Its a complete circle.Once you hear modern Rock and are done by it after 5 years,you again go back to the Classic and appreciate it more.Now you know what quality is with the experience.
   Then you realise what a crap you had to listen to in the first place ,to be that premium with the quality.
  There is nothing like Classic Rock.


----------



## slugger (Sep 19, 2008)

Death Magnetic is a *major* improvement over St.
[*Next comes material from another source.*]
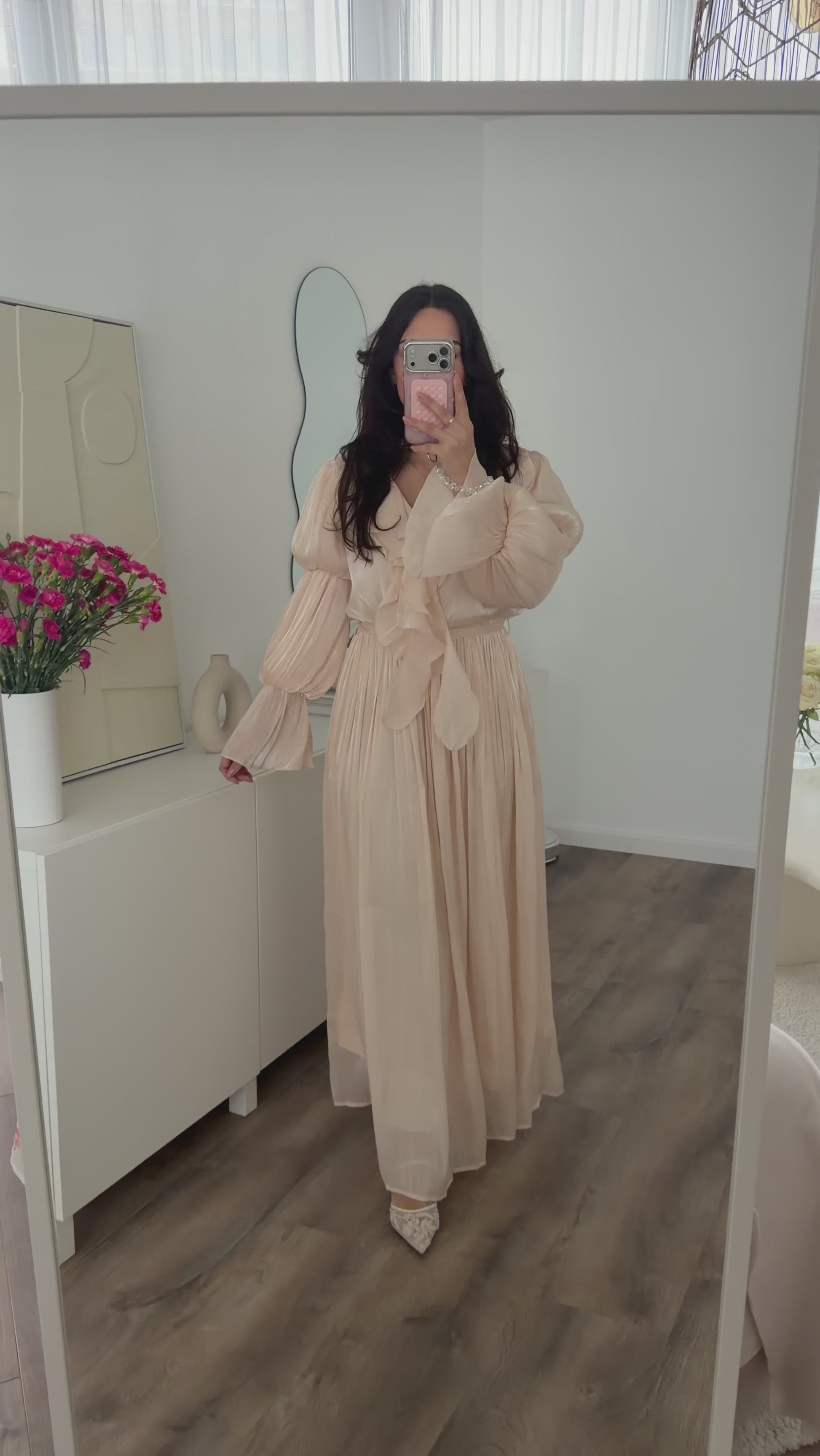 Une longue robe élégante avec des volants. La robe n'est pas transparente et possède un décolleté en V mi-bas ainsi qu'une jupe intérieure. Le col et les manches donnent à la robe un aspect festif. Cet article taille normalement et a une taille élastique. Éventuellement compatible hijab. Convient pendant la grossesse.

Anger [such a let dow it was ]

Any chance of Moser Baer distributing the album here?[/jk]



ayahuasca said:


> DEATH ROCK!!  *CHILDREN OF BODOM, SLAYER, DRAGONFORCE, LAMB OF GOD, LOSTPROPHETS,ICED EARTH*


poseur


----------



## apoorva84 (Sep 19, 2008)

By the Way, Death Magnetic is the number 1 on the charts...its ruling the charts everywhere...


----------



## karmanya (Sep 19, 2008)

Anyone know how much it's gonna cost? I went to Planet M yesterday and the guy was like "Death Magnetic? do you mean megadeath?"


----------



## Faun (Sep 19, 2008)

haha...typical guys with that question mark ?


----------



## MetalheadGautham (Sep 19, 2008)

I heard Landmark is the official distributer in India. So you might want to check there.

PS: Yeah, it would be AWESOME if Moser Baer distributes DM in India


----------



## eggman (Sep 19, 2008)

karmanya said:


> Anyone know how much it's gonna cost? I went to Planet M yesterday and the guy was like "Death Magnetic? do you mean megadeath?"


lolz 
ha ha


----------